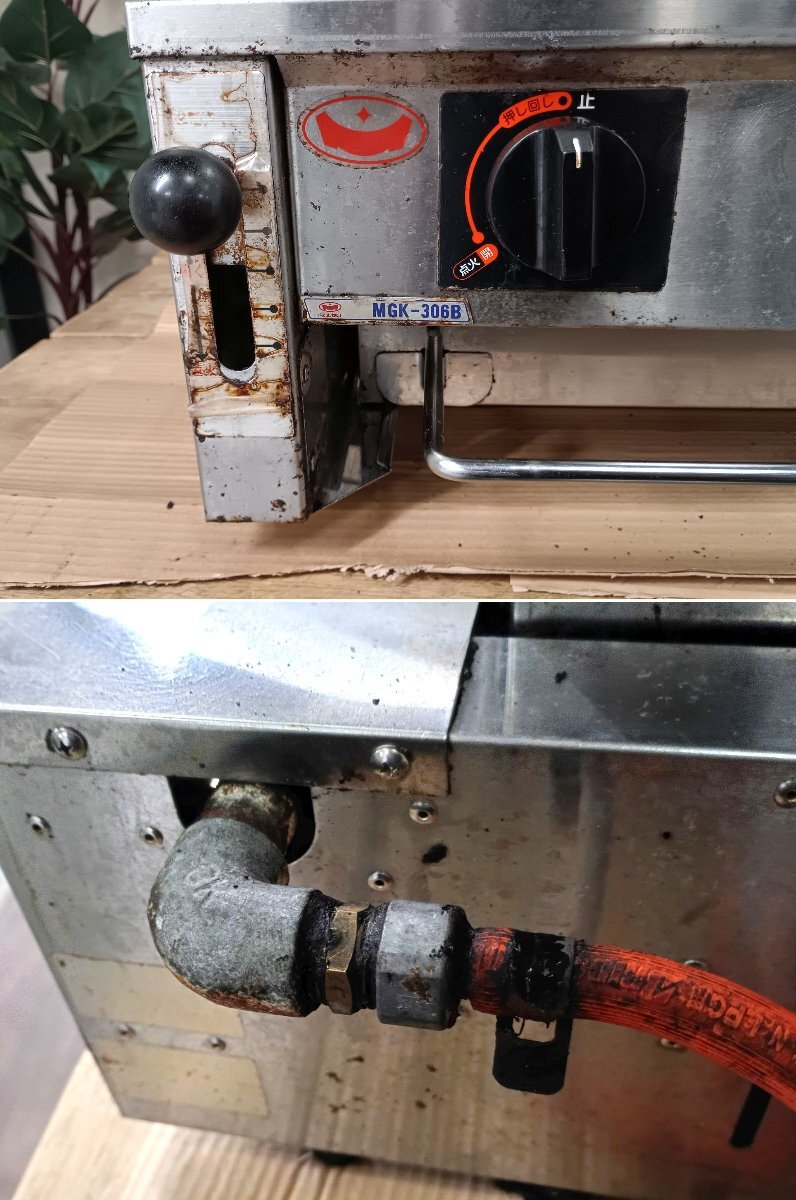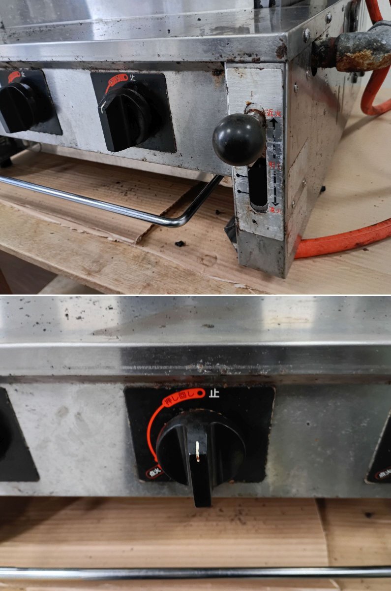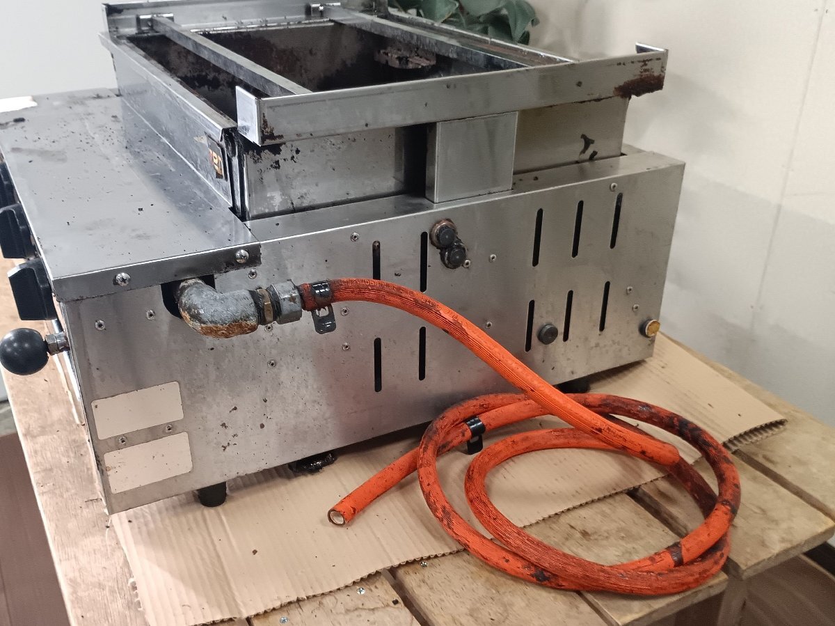 店舗にて実際に使用されていたものですが、 当方ではガス接続ができないため、動作確認は行っておりません。 外観は可能な範囲で洗浄済みですが、使用に伴う焦げ付きや落としきれなかった油汚れ、キズなどが残っています。 ガスホースが接続されたままの状態ですが、消耗品のため必要に応じて交換をおすすめします。
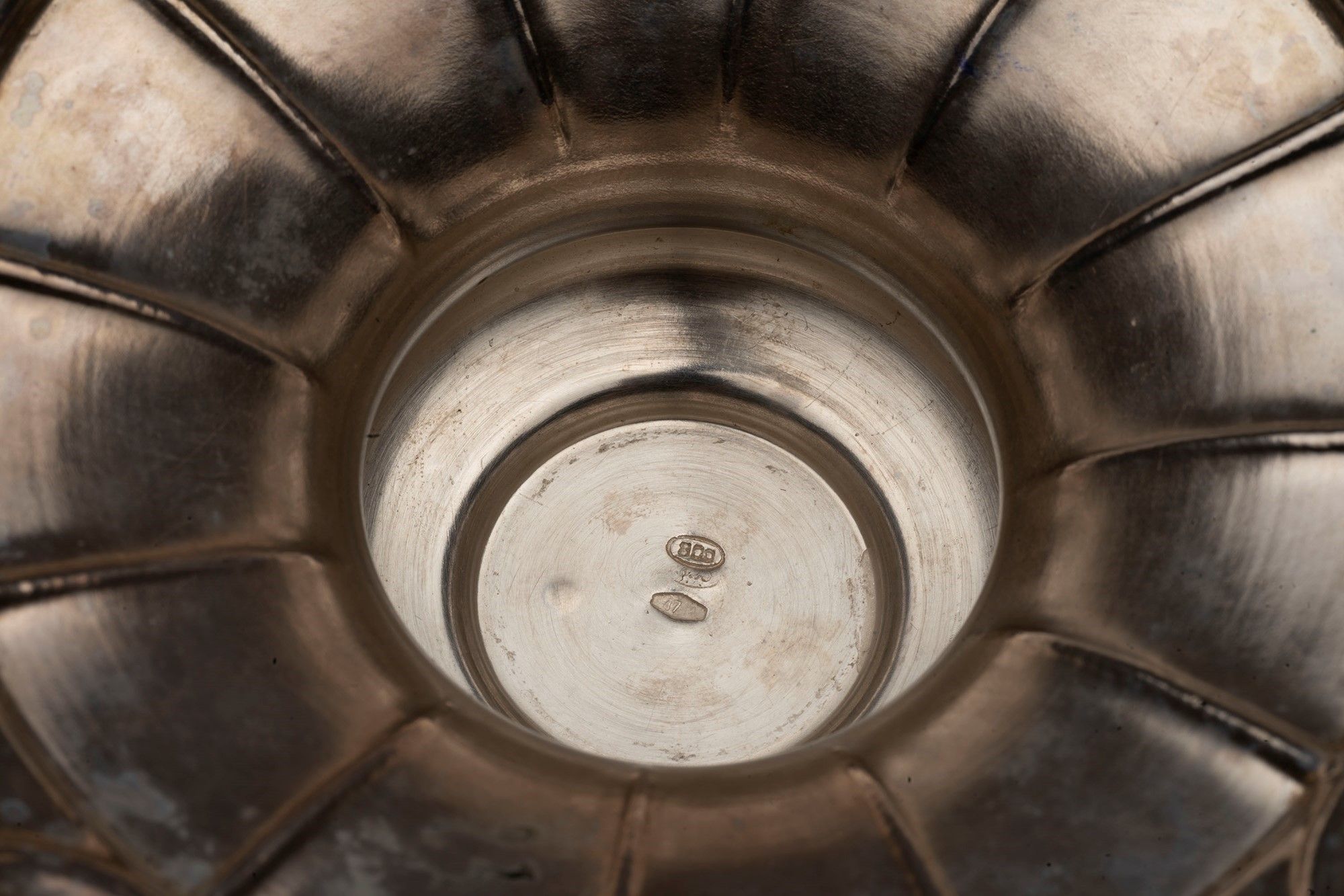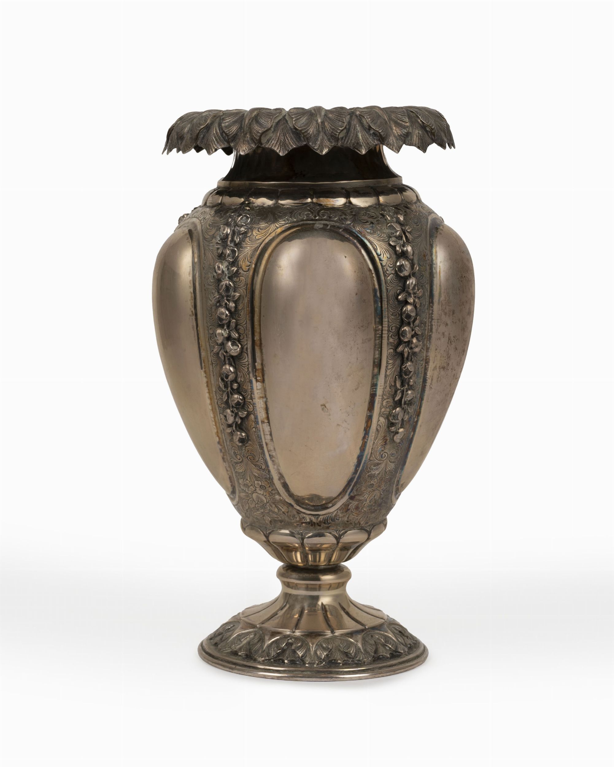 Italia, XX secolo a base rotonda, fusto ovale con decoro floreale cesellato e a rilievo.
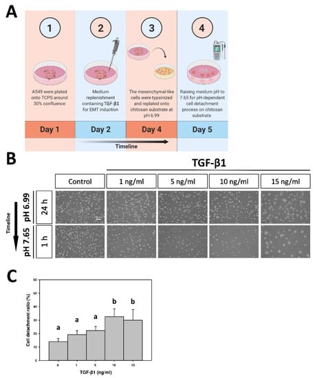 (A) Schematic depiction detailing the time course of cell detachment assay. (B) Morphologies of the TGF-β1-induced A549 cells subjected to the pH-dependent cell detachment process on chitosan. The TGF-β1-induced A549 cells were re-plated on a chitosan substrate at pH 6.99 for 24 h, and then the medium pH was raised to 7.65 for 1 h for cell detachment. (C) The cell detachment ratio of the TGF-β1-induced A549 cells on chitosan. Data were calculated from four independent experiments (n = 4). Different letters (a,b) indicate significant differences, while the same letter indicates no significant differences (p < 0.05). Original magnification: 40×. Scale bar = 100 μm.
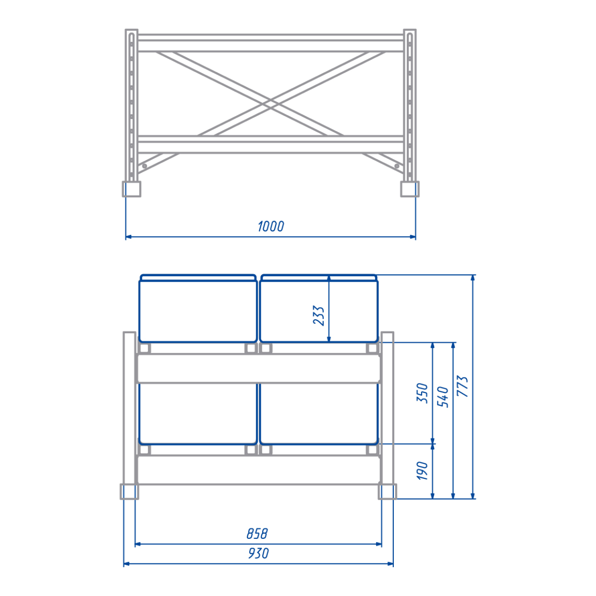Стеллаж аккумуляторный 1000х930х575, 20 АКБ 120Ач (2 яруса 5х2)
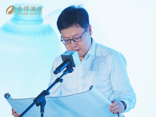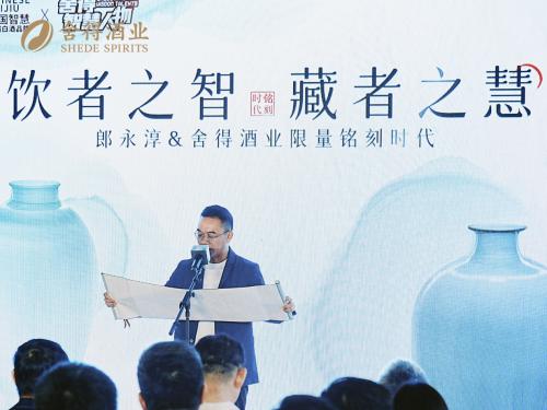 活动期间,舍得酒业总裁唐珲从品牌战略维度解读了本次合作的深刻意义。他指出,本次舍得酒业与郎永淳老师的携手共创,就是源于对舍得“智慧”的深度认同,是一场价值观的碰撞与情怀的共鸣。今天要发布的这两款产品,不仅仅是一瓶酒,也是一段岁月的见证。我们期望用高品质老酒的醇与香,让大家对时间的体会和珍视变得更加具象,变得更有形、有色、有味。
---*---
Work order:
The result is an exact copy of the lines from the one holding "Стеллаж аккумуляторный 1000х930х575, 20" through the final line of the data above, both ends included, minus the pictures.

Output of the task:
Стеллаж аккумуляторный 1000х930х575, 20 АКБ 120Ач (2 яруса 5х2)
 活动期间,舍得酒业总裁唐珲从品牌战略维度解读了本次合作的深刻意义。他指出,本次舍得酒业与郎永淳老师的携手共创,就是源于对舍得“智慧”的深度认同,是一场价值观的碰撞与情怀的共鸣。今天要发布的这两款产品,不仅仅是一瓶酒,也是一段岁月的见证。我们期望用高品质老酒的醇与香,让大家对时间的体会和珍视变得更加具象,变得更有形、有色、有味。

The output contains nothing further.